Malvern Theatres, housed in the Winter Gardens complex in the town centre, is a provincial centre for the arts. The first Malvern Drama Festival, which took place in 1929, was dedicated to George Bernard Shaw and planned by Sir Barry Jackson. A number of works have had their first performances at Malvern, six by Shaw including In Good King Charles's Golden Days, the 1929 English première of The Apple Cart, and the world première of Geneva in 1938. In 1956 Malvern held a Shaw centenary week. In February 1965 a Malvern Festival Theatre Trust was set up, and extensive refurbishment was undertaken. J. B. Priestley presided over the opening ceremony of the first summer season. In 1998, a further £7.2 million major redesign and refurbishment took place with the help of contributions from the National Lottery Distribution Fund (NLDF), administered by the government Department for Culture, Media and Sport. As part of a government funded £20 million extension planned for completion in 2026, a £2.25 million extension including a modern frontage was opened in July 2023.

The Theatre of Small Convenience entered the Guinness World Records in 2002 as the smallest theatre in the world. Housed in a former Victorian public convenience in the centre of the town in Edith Walk, the theatre had a capacity of 12 people. Before closing in 2017, the theatre regularly hosted puppetry, professional and amateur actors, drama, poetry, storytelling, and opera.

===Literature===
William Langland's famous 14th-century poem The Visions of Piers Plowman (1362) was inspired by the Malvern Hills and the earliest poetic allusion to them occurs in the poem And on a Maye mornynge on Malverne hylles. Langland, the reputed writer, was possibly educated at the priory of Great Malvern. Several roads and buildings in Malvern are named after him.

Malvern entered the writings and lives of several 17th–19th century poets. These include
- Michael Drayton: "While Malvern, king of hills, Severn overlooks", (Poly-Olbion, 1613, song 7),
- John Dyer: "By the blue steeps of distant Malvern wall'd" (The fleece, 1757, about sheep farming),
- Thomas Warton: "Health opes the healing power her chosen fount/ In ... Malvern's ample mount", (1790, Ode on his Majesty's birthday),
- Thomas Gray visited in 1770 during his final travels,
- Joseph Cottle: "As I climb ... One mass of glory ... A fairy vision!" (The Malvern Hills, 1798),
- William Wordsworth: church bells ring as "high as Malvern's cloudy crest" (1835, St. Catherine of Ledbury),
- Patrick Tytler died in Great Malvern, in 1849,
- Lord Macaulay: "Till twelve fair counties saw the blaze on Malvern's lonely height" (The Armada).

C. S. Lewis and J. R. R. Tolkien are among the authors that have frequented Malvern. Legend states that, after drinking in a Malvern pub one winter evening, they were walking home when it started to snow.

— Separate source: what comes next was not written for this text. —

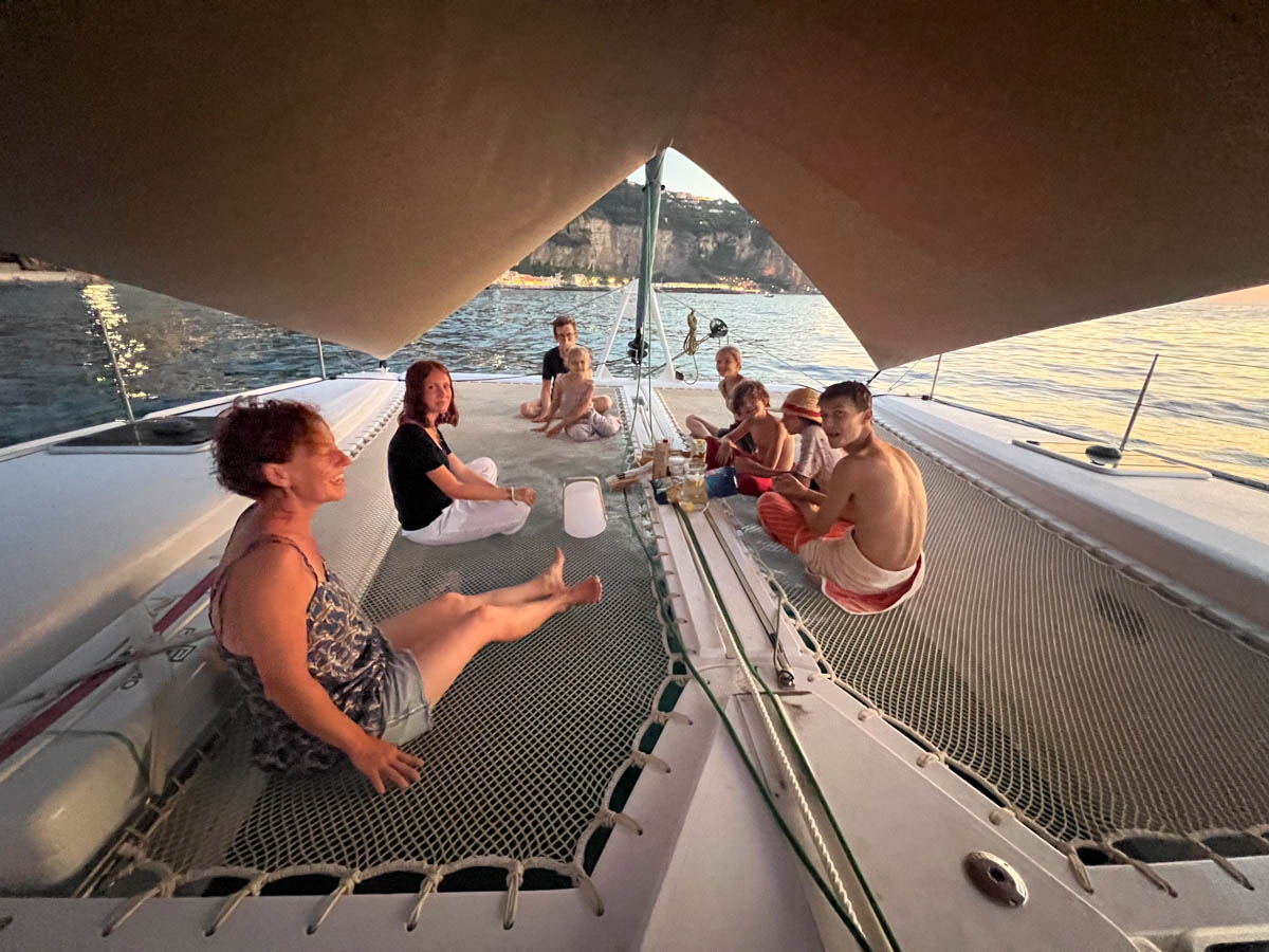 Après une traversée tranquille – mais appétissante – depuis les îles Eoliennes nous sommes mouillés devant la plage de Vico Equense au sud de Naples. Eliot, Louna et Cassandre sont arrivés eux aussi au camping à côté du port de Vico Equense. Nous avons prévu de les retrouver dès le soir et d’aller visiter Pompéi le lendemain.

They saw a lamp post shining out through the snow and Lewis turned to his friends and said "that would make a very nice opening line to a book". The novel The Lion, the Witch and the Wardrobe by Lewis later used that image as the characters enter the realm of Narnia. Tolkien found inspiration in the Malvern landscape which he had viewed from his childhood home in Birmingham and his brother Hilary's home near Evesham. He was introduced to the area by Lewis, who had brought him here to meet George Sayer, the Head of English at Malvern College. Sayer had been a student of Lewis, and became his biographer, and together with them Tolkien would walk the Malvern Hills. Recordings of Tolkien reading excerpts from The Hobbit and The Lord of the Rings were made in Malvern in 1952, at the home of George Sayer. The recordings were later issued on long-playing gramophone records. In the liner notes for J.R.R Tolkien Reads and Sings his The Hobbit & The Fellowship of the Rings, George Sayer wrote that Tolkien would relive the book as they walked and compared parts of the Malvern Hills to the White Mountains of Gondor.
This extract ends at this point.